▸ **About this task**
The lines to reproduce from the material below are those from the one containing "ごはん ぶりのゆうあん焼き かぼちゃの含め煮 さわにわん 牛乳" through the one containing "zamontowany jest zestaw", both included; write them out exactly and add nothing.

##### Information provided #####

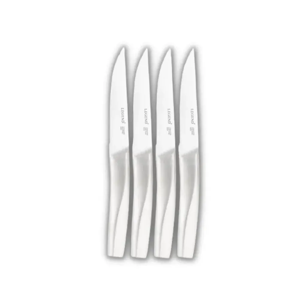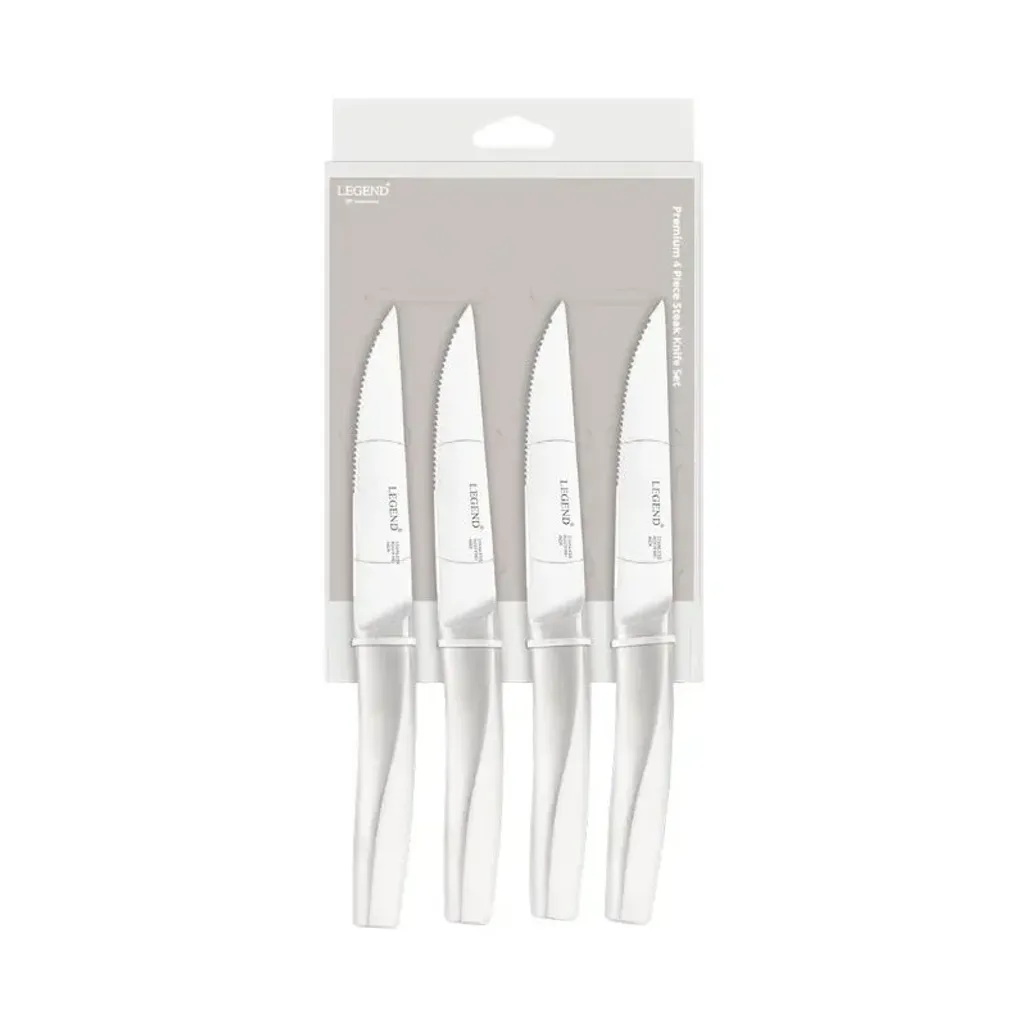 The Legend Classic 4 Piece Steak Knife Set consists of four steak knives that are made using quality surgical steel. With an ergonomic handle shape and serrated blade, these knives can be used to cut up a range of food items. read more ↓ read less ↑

#####
##### Information provided #####

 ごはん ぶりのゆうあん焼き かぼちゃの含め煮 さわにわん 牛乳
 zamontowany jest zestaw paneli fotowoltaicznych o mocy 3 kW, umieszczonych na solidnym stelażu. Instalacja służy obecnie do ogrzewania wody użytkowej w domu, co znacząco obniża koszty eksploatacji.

#####

▸ **Task solution**
 ごはん ぶりのゆうあん焼き かぼちゃの含め煮 さわにわん 牛乳
 zamontowany jest zestaw paneli fotowoltaicznych o mocy 3 kW, umieszczonych na solidnym stelażu. Instalacja służy obecnie do ogrzewania wody użytkowej w domu, co znacząco obniża koszty eksploatacji.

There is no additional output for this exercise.